Here's basically what you'll have accomplished: instead of having 40 unrelated columns for questions and answers, you'll have a table of 40 rows for questions and a table of three rows for answers, and a table that combines questions and answers (and machines). Because you'll be dealing with rows instead of columns, adding a new question is as easy as inserting a row (instead of altering the table to hold a new columns). Because the questions are in rows, you'll be able to treat them as instances of an entity rather than (in columns) as attributes of a machine.
posted by orthogonality at 1:48 PM on June 21, 2006

take row 1 in the Orders table. How can I know that OrderId 126 is for "freens r us" at some later time?

By looking at a query.
I once read that databases are splitting up data just to put it right back together again and that's right. A simple join query on Orders table with Customers table joined would give you all of the info you needed. You would never really be able to edit within the Orders table by itself, but that's really something you "shouldn't" be doing anyway.

ps. listen to orthogonality
posted by Brainy at 3:01 PM on June 21, 2006

"Getting" normalization is the biggest hurdle in understanding databases. It might help you to realize that from a properly normalized database, you should be able to generate a query that spits out, pretty much row for row and column for column, your original all-in-one table.

The key to making it all work is those little glue tables that have nothing in them but rows full of primary keys from other tables.

For your questions and problems stuff: you need a table of questions, which will have 40 rows. Then you need a table of problems, which will have as many rows as you have possible problems. Then you need one of those little glue tables, to associate questions with possible problems. Each row in the glue table will have just a question ID, and a problem ID.

One neat hack would be to make the first row in the problem table "no problem".

You'll need a table for auditors; another one for audits; and a glue table where each row relates an audit ID, a question ID and a problem ID (that is: each row says that during THIS audit, the result for THIS question was THIS problem).

A separate glue table would tie audit ID's to machine ID's.

If you ever find yourself needing to deal with different question sets for different machines: you'd need another glue table that relates machine ID's to question ID's.

For the purposes of designing forms, combo boxes and so forth, you generate queries, and use those as record sources.

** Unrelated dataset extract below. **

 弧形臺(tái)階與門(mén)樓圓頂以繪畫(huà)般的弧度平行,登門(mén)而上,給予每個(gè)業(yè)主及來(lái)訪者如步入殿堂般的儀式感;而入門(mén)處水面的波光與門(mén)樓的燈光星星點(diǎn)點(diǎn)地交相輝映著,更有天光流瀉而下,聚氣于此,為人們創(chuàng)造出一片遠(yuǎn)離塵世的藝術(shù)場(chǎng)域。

Basically, the idea is to consider the entire process you're modelling, identify the different kinds of Thing you have (machines, problems, questions, auditors, audits...) and make a table for each of those; then make glue tables that tie those Things to each other in ways that fit in with your processes. As soon as you find yourself putting repeated columns in a table (Question 1, Question 2 etc), realize that there's a New Thing you haven't seen before; figure out what it is; make a new table for it; and add a glue table so you can generate your redundant-columns table using a query.

And once you've got this working in Access, have a look at porting it all over to OpenOffice so you won't have to worry about seat licences :)
posted by flabdablet at 9:06 PM on June 21, 2006

Ortho, I *love* your Roman Numerals analogy :)
posted by flabdablet at 9:07 PM on June 21, 2006

JonnyRotten writes "Problem can be different for each question, Some have 1-2 some have 5 or more. "

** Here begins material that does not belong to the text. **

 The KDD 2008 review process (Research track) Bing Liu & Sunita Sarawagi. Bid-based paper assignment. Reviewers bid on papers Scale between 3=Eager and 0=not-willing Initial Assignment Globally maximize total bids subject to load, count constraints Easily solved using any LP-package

"The queries look ALOT simpler then the monsters I am fighting with."

Yeah, that's the point of all the hard upfront design.

Ok, good. A problem is an entity. Now, our "rule" is, every entity gets a row (and only one row) somewhere in our database . Since all individual problems (problem entities) are of general type "Problem", we need a "Problem" table. Our other "rule" is that each entity gets a PK. So this gives us a table with two columns, an id and a description.

Now we have to RELATE the problems to questions. This gives us a relation table with two keys and its own PK. Note that this means that a Problem can be related to one or many questions (e.g, every question might have the problems, "I dunno what the hell the problem is!" and "operator error!") and a question can have zero, one, or many questions. This is a many-to-many relation, which we implement as a cardinality reduction table.

At this point I'd add a "null" problem to avoid actually having null data in the table. (This is an advanced topic, and different designers would differ on what to do here. In RDBMS, the value null should be reserved for "I don't know". The "null problem" is not an "I don't know" but a way of saying this isn't really a problem, it's a placeholder that indicates "we KNOW there is no problem". In other words, we'd use it when the answer is "OK" or "NA". Used correctly, we could factor out "OK" and "NA" by using the null problem placeholder and possibly an "OK" placeholder. You'll see that this is essentially isomorphic to my previous idea ("You can do this a couple of ways: either get rid of answer "NA" and replace it with a different answer for each failure mode") . Again, all this is an advanced topic, it's one that good designers can differ on, and it's dependent on the goal of your whole model. So, for the moment, just do what I suggest.)

Now, with the relation table, let's call it question_problems, we can ask what the allowed answer is for any question with a join. We need to join three tables: the question table, which gives us the question text and id, the problem table, which gives us the problem text and id, and the relation table that relates the questions to problems:

select question.text, problem text from question, problem, question_problem where question.id = question_problem.question_id and problem.id = question_problem.problem_id

(Note that is unordered. If we were being really serious, we'd have an order column on question (and on problem). Since we're still learning, we'll just order by PK. In real life, this would be evil, for reasons I won't go into here. Basically, you should never trust a PK to be anything but unique, and you should never use it for any purpose but a key.)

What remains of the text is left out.